000008H 00000FH 000008H --- AT.. DATA "REG BANK 1"
000010H 000017H 000008H --- AT.. DATA "REG BANK 2"
000018H.0 00001FH.7 000008H.0 --- --- **GAP**
000020H.0 000022H.3 000002H.4 BIT UNIT BIT _BIT_GROUP_
000022H.4 000022H.4 000000H.1 BIT UNIT BIT ?BI?HSK_CAN
000022H.5 000022H 000000H.3 --- --- **GAP**
000023H 00005EH 00003CH BYTE UNIT DATA _DATA_GROUP_
00005FH 000070H 000012H BYTE UNIT DATA ?DT?MAIN
000071H 000071H 000001H BYTE UNIT IDATA ?STACK
</code>

The reasons are 3-fold:

- Link time overlay allows the overlaying of all functions, not just those grouped together into a single .c file, this project is linked from 9 .rel files
- The REMOVEUNUSED linker directive completely eliminates unused functions post-compile, the majority of .c files are shared between many projects and thus carry a lot of code not required in that particular application
- Manual call tree manipulations allow the correct overlaying of functions called through function pointers, nooverlay is no longer necessary

LTO would probably have some side benefits:

- The requirement to make ISRs public could be eliminated, much like _sdcc_external_startup() does not need to be public

Discussion

  • Maarten Brock

    Maarten Brock - 2012-10-13

    Just clear things up, overlaying is not used only on functions in a single file. It is used over all files. But it can only overlay leaf-functions in the calling tree. And it assumes all leaf functions can be overlayed, which is why you must disable it for functions called from an interrupt. It does not know that interrupts form their own tree.

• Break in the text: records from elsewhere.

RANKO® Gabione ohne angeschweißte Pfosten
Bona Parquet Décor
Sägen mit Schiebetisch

    The current linker cannot create a call-tree and thus not overlay all functions, remove unused functions or calculate stack usage.

     
  • Kamikaze Dominic Fandrey

    So I misunderstood this statement from the manual:
    Note that the compiler (not the linkage editor) makes the decision for overlaying the data items.

    So, what stands in the way of creating a call tree? Without knowing anything about the linker architecture, I'd guess it's not an overwhelming task.

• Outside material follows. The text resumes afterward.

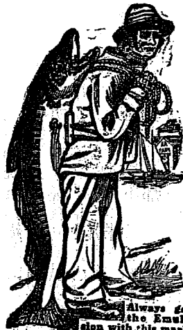
Always get the Emulsion with this mark - the Fishman - the mark of the "Scott" process!

司各脫係用最純潔之鱉魚肝油該油含有各種滋補性質并配和他種出名藥料精心泡製專醫一切喉症肺症胸膈等症血經諸病氣喘血虧氣管發熱癆瘵咳嗽受寒等猶能補足元氣轉弱為強再司各脫滋補藥酪其味絕佳緣又攪和貴重馨香藥料所以其白如乳其濃似酪故味甘適口殊令人覺之頗堪下咽也

    Anyway the huge majority of my functions are leaf functions, so it should work better than it does. Here is a call tree:
    http://hsk.sourceforge.net/dev/main_8c.html#a6288eba0f8e8ad3ab1544ad731eb7667

    All the calls of *_isr_* functions are false positives, caused by assigning function pointers to callback vectors. All these functions are surrounded by:
    #pragma save
    #ifdef SDCC
    #pragma nooverlay
    #endif
    <function>
    #pragma restore

    I suppose SDCC doesn't see functions handling function pointers as leaves?

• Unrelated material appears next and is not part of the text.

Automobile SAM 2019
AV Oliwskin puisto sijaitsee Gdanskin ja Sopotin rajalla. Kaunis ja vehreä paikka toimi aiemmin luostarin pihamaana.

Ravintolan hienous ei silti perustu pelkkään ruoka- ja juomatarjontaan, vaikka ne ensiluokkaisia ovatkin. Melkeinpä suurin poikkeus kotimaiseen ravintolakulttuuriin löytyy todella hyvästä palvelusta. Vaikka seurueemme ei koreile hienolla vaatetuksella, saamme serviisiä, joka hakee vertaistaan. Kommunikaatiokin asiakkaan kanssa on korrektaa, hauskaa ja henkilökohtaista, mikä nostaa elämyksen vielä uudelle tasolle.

    For LX51 (the Keil linker) I use the following call tree manipulations:
    * ~ (hsk_boot_isr_nmipll, hsk_flash_isr_nmiflash),
    * ~ (hsk_pwc_isr_cctOverflow),
    * ~ (hsk_adc_isr, hsk_adc_isr_warmup),
    * ~ (hsk_pwc_isr_cc0, hsk_pwc_isr_cc1, hsk_pwc_isr_cc2, hsk_pwc_isr_cc3),
    * ~ (tick0),
    ISR_hsk_isr14 ! (hsk_boot_isr_nmipll, hsk_flash_isr_nmiflash),
    ISR_hsk_isr5 ! (hsk_pwc_isr_cctOverflow),
    ISR_hsk_isr6 ! (hsk_adc_isr, hsk_adc_isr_warmup),
    ISR_hsk_isr9 ! (hsk_pwc_isr_cc0, hsk_pwc_isr_cc1, hsk_pwc_isr_cc2, hsk_pwc_isr_cc3),
    ISR_hsk_timer0 ! (tick0)

    The "* ~ (...)" entries remove all calls to the functions from the call tree.
    The ISR_* functions are my ISRs and the "! (...)" assigns the callback functions they will call back. I have an awk script that generates these call tree adjustments for me.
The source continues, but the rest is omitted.